For further information see below

Paul Temple Radio Serials

The Origin of Paul Temple

Paul Temple has been played by several actors most notably Kim Peacock (1901-1966) 9 times and Peter Coke (1913-2008) 11 times. Steve was played by Marjorie Westbury (1905-1989) 23 times. All the Paul Temple serials were produced by Martyn C. Webster who even following his retirement returned to the BBC in 1968 to produce the final serial. It was he who introduced the practice of not letting the actors read the script of the last episode before its rehearsal and broadcast so there could be no chance of the villain being disclosed by any inflexion of a character’s voice or performance.

The signature tune for the first serials was an extract from Rimsky-Korsakov’s Scheherazade but this was replaced from 1947 onwards by Coronation Scot. As Jack Adrian wrote in The Independent ‘To children of the 1940s and 1950s, who grew up in the radio age, Francis Durbridge is the sound of Coronation Scot, that most compelling of pieces by Vivian Ellis which invariably heralded yet another Paul Temple serial.’

Paul Temple the character was born in Ontario, the son of Lt. Gen Ian Temple and came to England at the age of ten. He was educated at Rugby and Magdalen College Oxford, afterwards writing his first of more than 30 novels at the age of twenty-two. Paul Temple and Steve were married in St Mary Abbots Church in Kensington in 1938. Temple’s interests were fishing, collecting first editions, Debussy, Beethoven, Jerome Kern, Rodgers and Hart, Cole Porter and the watercolours of Raoul Dufy.

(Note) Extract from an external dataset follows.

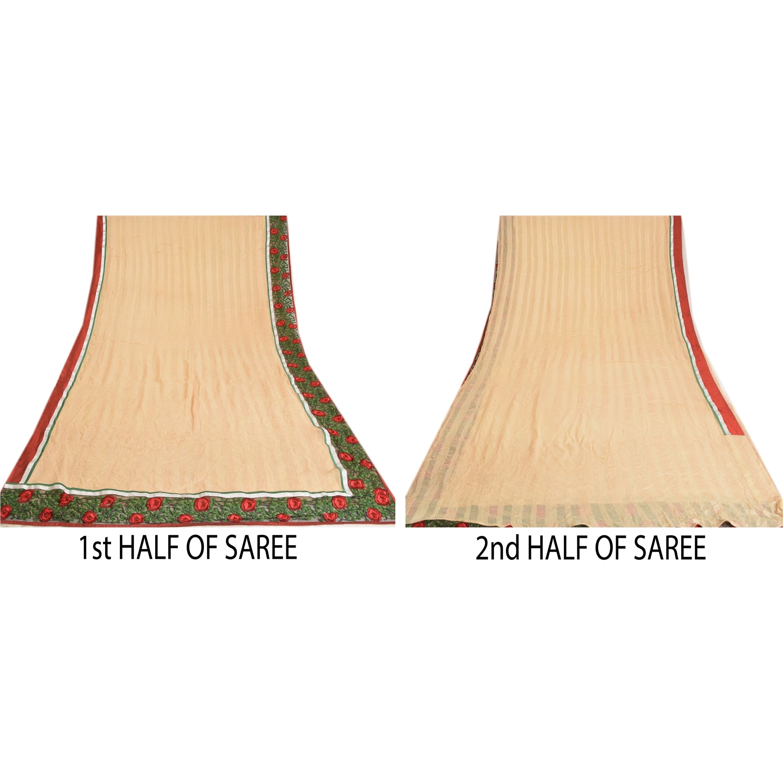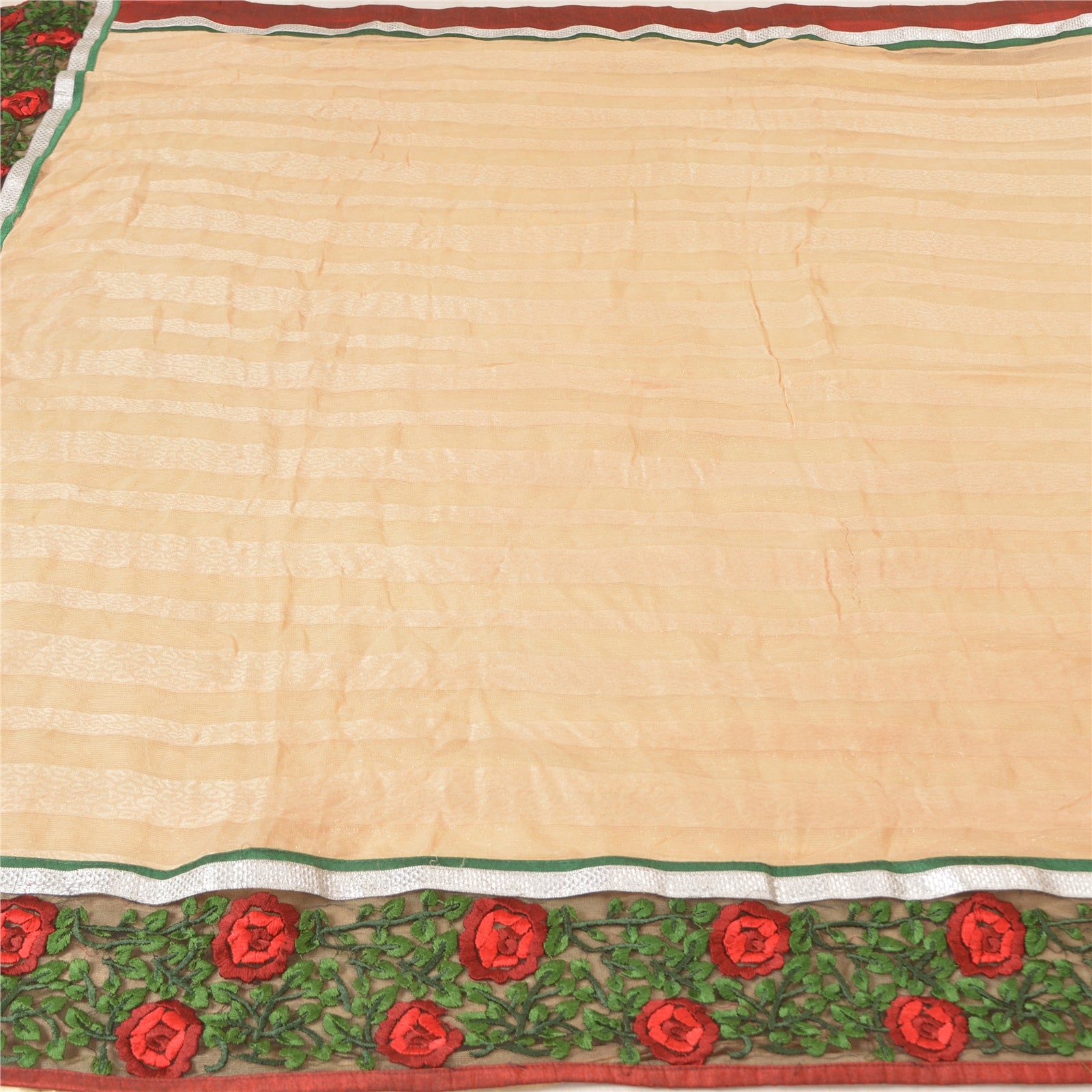 Sanskriti Vintage Peach Sarees Blend Georgette Embroidered Parsee Sari Sustainable Fabric

Concerning the origin of the character, Durbridge recalled that he had come across a fellow passenger who inspired him when taking a train from London to Birmingham. “I had been brooding upon the character of Paul Temple for some months…We never spoke, but I found my mind recalling the deliberate manner he had inserted a cigarette into its unusual holder, the keen intelligent face, the smiling eyes and shrewd mouth”. As to the origin of Steve, the Durbridge family have never doubted that she was based upon Durbridge’s wife Norah to whom he became engaged in 1937 and married in 1940.